Once all of our connections are wired up and soldered, we can move on to mounting the PowerBoost into the enclosure.

 

We'll use M2.5 x 5mm long screws to secure the PowerBoost to the standoffs on the enclosure. 

 

Slide Switch

 

Make sure the opening for the slide switch is cleaned from any stringing left over from printing and then press the slide switch in at an angle. Use tweezers to help it snap into the three walls that will secure the slide switch in place.  

 

Position the micro USB wires above the wires for the USB jack as shown in the picture.

Solder USB jack wires

 

Solder the remaining four wires from PowerBoost to the four pins on the USB jack.

 

Remember that all of the pins are flipped upside down!

Mount the Coil 

 

Now we can mount the coil base to the outline on opposite side of the enclosure.

 

Flip the enclosure and apply two very small pieces of mounting tac to the two corner outline as shown in the picture. Position the coil over the outline with the transmitter PCB inside of the cutout. 

 

Press down on the coil base to adhere it to the enclosure. Make sure to use a small amount of mounting tac or the coil will be too thick for the lid to close.

Mount transmitter PCB

 

Pass the transmitter PCB through the cutout and rest it on the standoffs on the opposite side of the enclosure. 

 

Use M3x6mm long screws to secure the transmitter PCB to the standoffs.

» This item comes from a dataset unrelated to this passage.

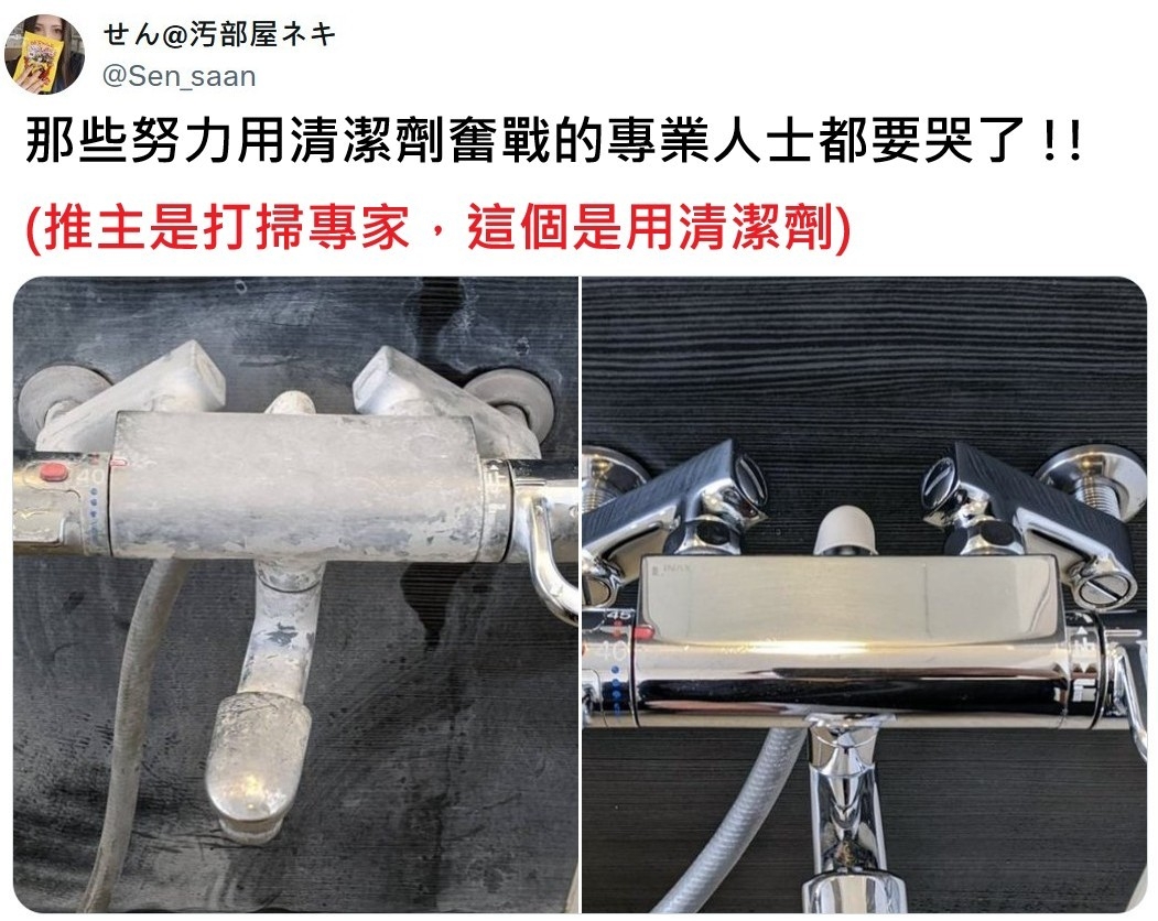 日本X平台(前Twitter)一位網友「にのみや」分享,用烘焙紙(又稱烘培紙或油紙)乾擦水龍頭,就能快速清除水垢,令金屬表面光亮如新,看起來猶如新安裝水龍頭。貼文爆紅後,累積超過10萬讚及轉發,更多日本網友跟著在家實測,紛紛上載前後對比照,表示「水垢直接掉光」「水龍頭變得超級亮晶晶」。烘焙紙原本是常見烘焙工具,香港超市如惠康、百佳、Donki等都能買到,每張成本不到5毫子,已經可以同時兼顧去水垢、抹水漬、拋光效果。

Connect micro USB to Transmitter

 

Next we'll plug in the micro USB into the Transmitter PCB. Align the ports and use a tweezer to help guide the usb connections. 

Coil lid

 

Before we attach the battery, we'll first need to attach the lid to the side of the enclosure were the coil is mounted. 

 

Use four M2x5mm long screws  to secure the lid to the enclosure. 

 

If you are using the NinjaFlex lid part, first add the "lid support" and then the flexible lid over. The same screws will secure both lids.

Mount battery

 

Position the 6600mAh battery inside the cutout with the wires angled as shown in the picture. Use tweezers to help maneuver excess wire under the transmitter pcb.

 

Plug the battery into the JST port on the PowerBoost. You can use flat pliers to help align and plug the battery in.

 

Verify the circuit powers on and then add the lid over this side of the enclosure. 

Now we can flip on the slide switch and test the circuit! 

 

 

Align the coil to the middle of you Qi enabled device to begin charging!

 

Note the coil isn't centered in the middle of the enclosure, so you'll need to be aware of the coil position to align your device.